--- YOUR TASK ---
The answer is a stretch of the material below, returned exactly: the line containing "The Harmony Stands’", the line containing "Solitude at Dusk", and all lines between.

-- DATA EXCERPTS follows --

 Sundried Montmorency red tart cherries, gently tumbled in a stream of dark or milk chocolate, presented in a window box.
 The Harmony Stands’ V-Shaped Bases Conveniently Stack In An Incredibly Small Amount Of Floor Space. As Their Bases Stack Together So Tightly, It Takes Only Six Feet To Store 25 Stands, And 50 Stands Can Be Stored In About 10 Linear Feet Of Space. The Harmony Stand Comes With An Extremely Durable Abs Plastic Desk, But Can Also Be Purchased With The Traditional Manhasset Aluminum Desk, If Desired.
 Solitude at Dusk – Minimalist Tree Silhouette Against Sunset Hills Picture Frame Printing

-- DATA EXCERPTS concluded --
-- DATA EXCERPTS follows --

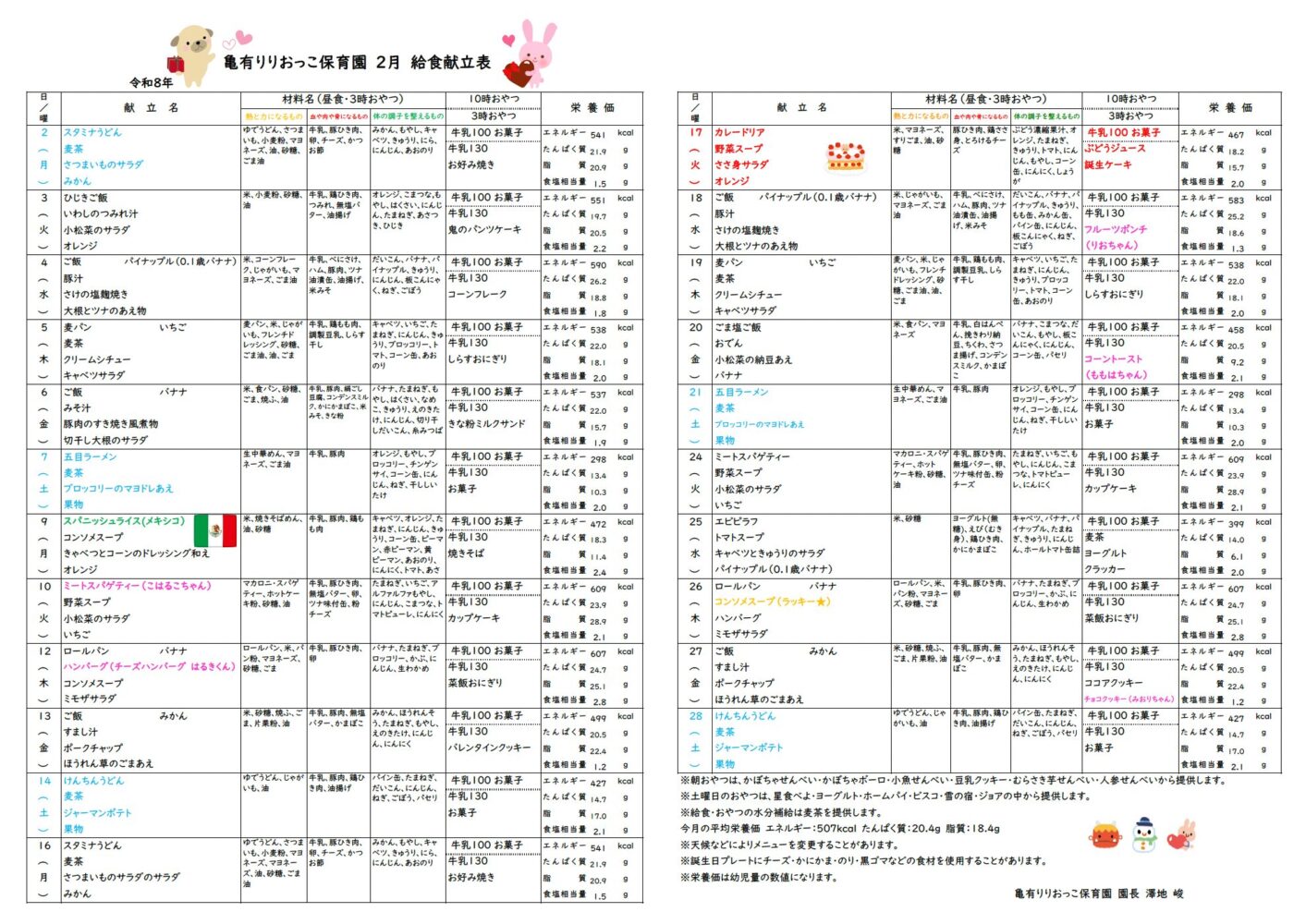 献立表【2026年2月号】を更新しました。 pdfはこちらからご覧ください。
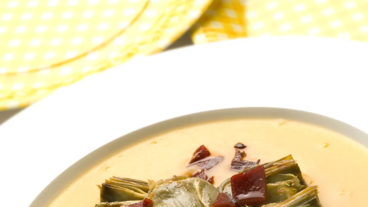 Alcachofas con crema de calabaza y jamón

-- DATA EXCERPTS concluded --

--- SOLUTION TO THIS EXERCISE ---
 The Harmony Stands’ V-Shaped Bases Conveniently Stack In An Incredibly Small Amount Of Floor Space. As Their Bases Stack Together So Tightly, It Takes Only Six Feet To Store 25 Stands, And 50 Stands Can Be Stored In About 10 Linear Feet Of Space. The Harmony Stand Comes With An Extremely Durable Abs Plastic Desk, But Can Also Be Purchased With The Traditional Manhasset Aluminum Desk, If Desired.
 Solitude at Dusk – Minimalist Tree Silhouette Against Sunset Hills Picture Frame Printing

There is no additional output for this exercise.